Does ALMS/Grand-Am merger make NASCAR a monopoly?

A reader writes, Dear AR1.com, It is inconceivable that the Justice Department would ever permit this "merger." The problem is that it's such a small deal that it may never reach the halls of Washington.

It would be one thing if the entities were truly independent, but this has the makings to be an anti-trust sham of the greatest proportion.

NASCAR (France Family) predominantly controls stock car racing domestically. NASCAR (France Family) also predominantly controls motorcycle racing (AMA) domestically. Now, with the "merger," NASCAR (France Family) will predominantly control sports car racing. NASCAR (France Family) will now predominantly control motorsports in this country.

To the top competitors in sports car racing, the cold hard facts are that powers-that-be at the "International Motorsports Center" in Daytona Beach, have been trying to bankrupt ALMS out of existence from its founding. They played Tony George like a fiddle so he would create the IRL, split open wheel racing, and destroy it. The voodoo economics scheme worked just like it worked with the Grand-Am (with near zero fans and questionable business model) spending ALMS into the ground.

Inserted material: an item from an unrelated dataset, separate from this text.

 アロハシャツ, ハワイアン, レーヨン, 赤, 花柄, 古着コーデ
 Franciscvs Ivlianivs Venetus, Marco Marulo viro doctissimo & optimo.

Holding races with no spectators, forcing its TV upon NASCAR's broadcast partners, and coercing Cup sponsors into the series, GrandAm was immorally and unethically subsidized by the shareholders of ISC just so some billionaires could swat at some upstart in Georgia (ALMS and Don Panoz).

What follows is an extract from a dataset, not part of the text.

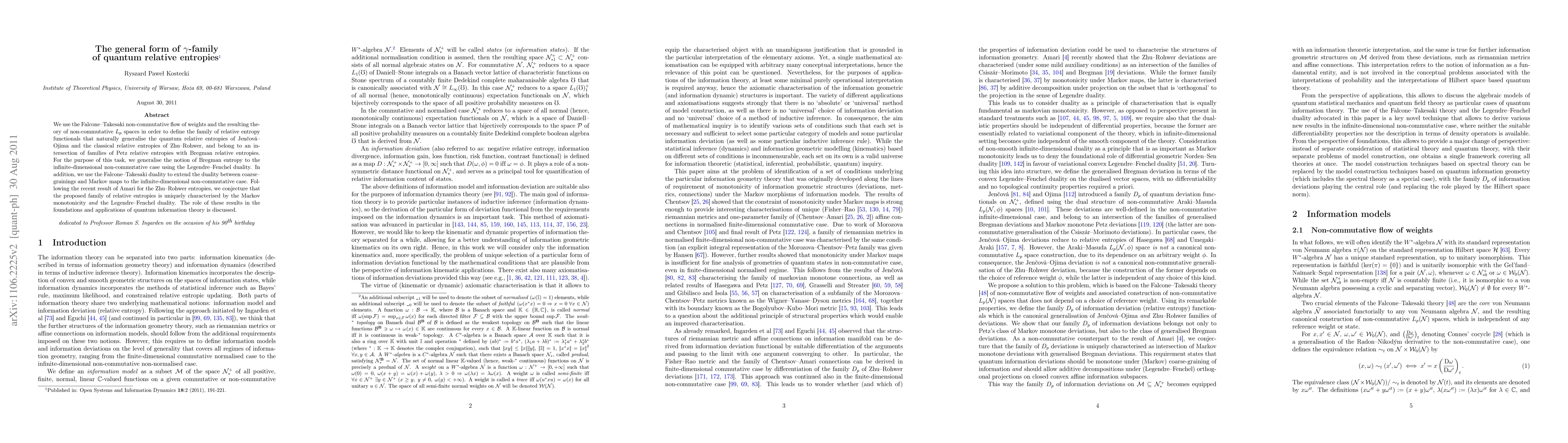 This paper defines a general form of gamma-family quantum relative entropies using non-commutative flows and Lp spaces, extending Bregman entropy to infinite dimensions. It conjectures that these entropies are uniquely characterized by Markov monotonicity and Legendre-Fenchel duality, with implications for quantum information theory.
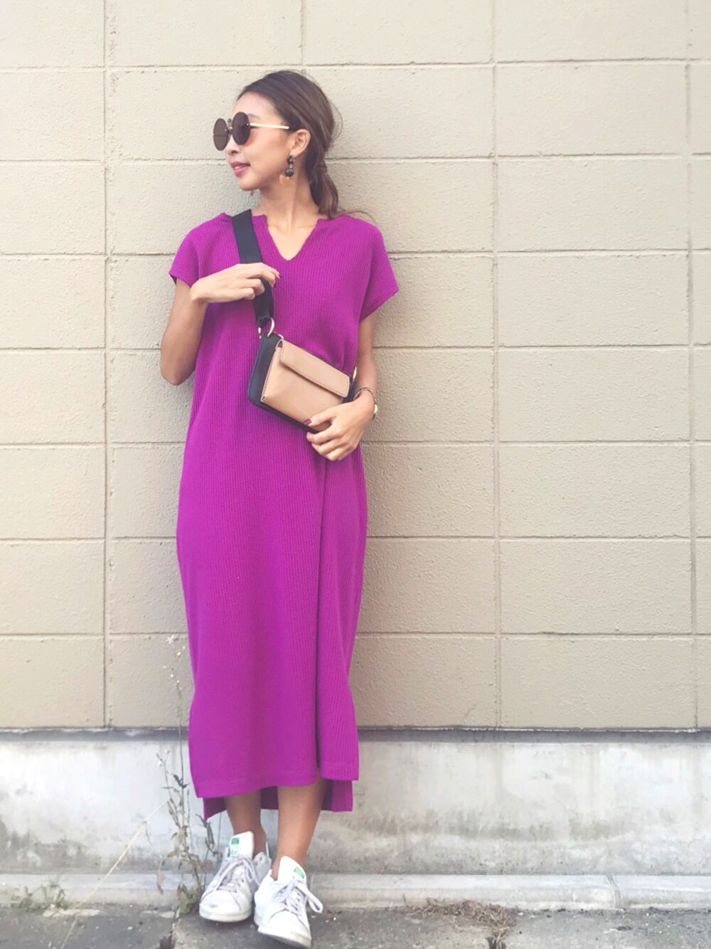 このパキッとした色に一目惚れしたワンピース💋💋サコッシュとスタンスミスでスポーティにスタイリング👌🏾🌈

NASCAR was built by pursuing the American dream. God forbid that NASCAR and the titular owners of ISC would ever allow anyone else to achieve the American dream. Mordichai Rosen, Los Angeles, CA

Dear Mordichai, It's always interesting to hear your perspective on things. Without a doubt, the France Family, with all its series (including the NASCAR Regional Series) controls a major portion of the racing sponsorship dollars and TV revenue in the USA. They are the 800 pound gorilla in the room. We guess your conspiracy theory will be true if eventually (say 5 years) the France family kills off the Grand-Am and sports car racing ceases to exist. One can argue that motorsports is too fragmented, and this economy, and the loss of the younger generation fan base, can no longer support as many forms of racing as existed. All forms of motorsports in the USA are struggling financially and as they die off the France family will be there to pick up the pieces (leftover sponsors and teams) until eventually NASCAR stadium style stock car racing will be the only form of motorsports left in the USA. NASCAR will be racing……their monopoly complete. Mark C.